## [Recorded information]
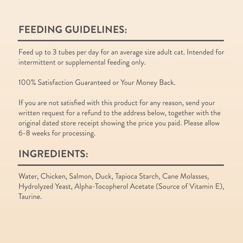 Feed up to 3 tubes per day for an average size adult cat. Intended for intermittent or supplemental feeding only.
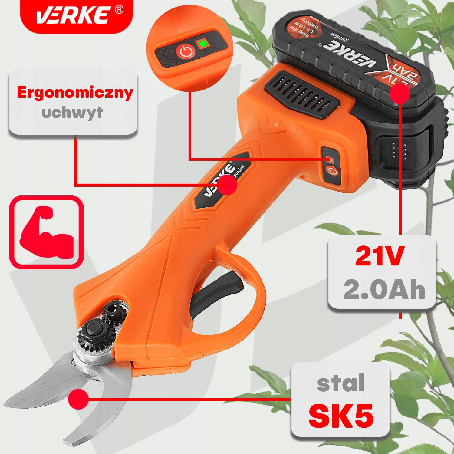 ► Bezprzewodowy sekator VERKE jest lekki, idealny dla kobiet i osób starszych.
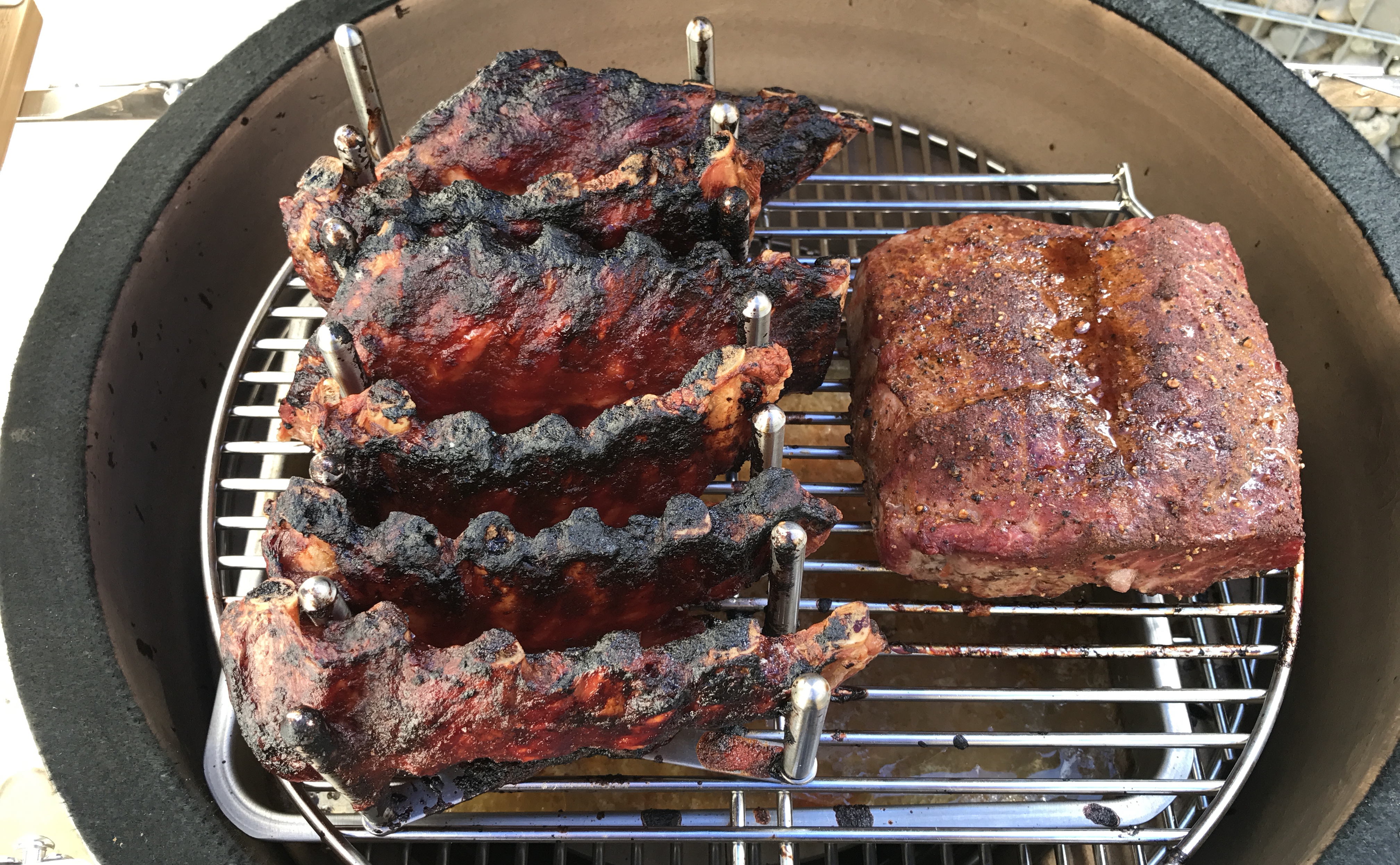 Ich habe auf den guten Deckelhalter vom Ikea ein paar leckere Rippen für 2,5h bei den 120°C ziehen lassen und dann die Temperatur durch regeln der Luftzufuhr auf 160°C erhöht. Ist erstaunlich wie schön das Ei die Temperatur gehalten hat.

## [Aim of the task]
The material must be returned exactly, with its pictures omitted.

## [Answer for this exercise]
 Feed up to 3 tubes per day for an average size adult cat. Intended for intermittent or supplemental feeding only.
 ► Bezprzewodowy sekator VERKE jest lekki, idealny dla kobiet i osób starszych.
 Ich habe auf den guten Deckelhalter vom Ikea ein paar leckere Rippen für 2,5h bei den 120°C ziehen lassen und dann die Temperatur durch regeln der Luftzufuhr auf 160°C erhöht. Ist erstaunlich wie schön das Ei die Temperatur gehalten hat.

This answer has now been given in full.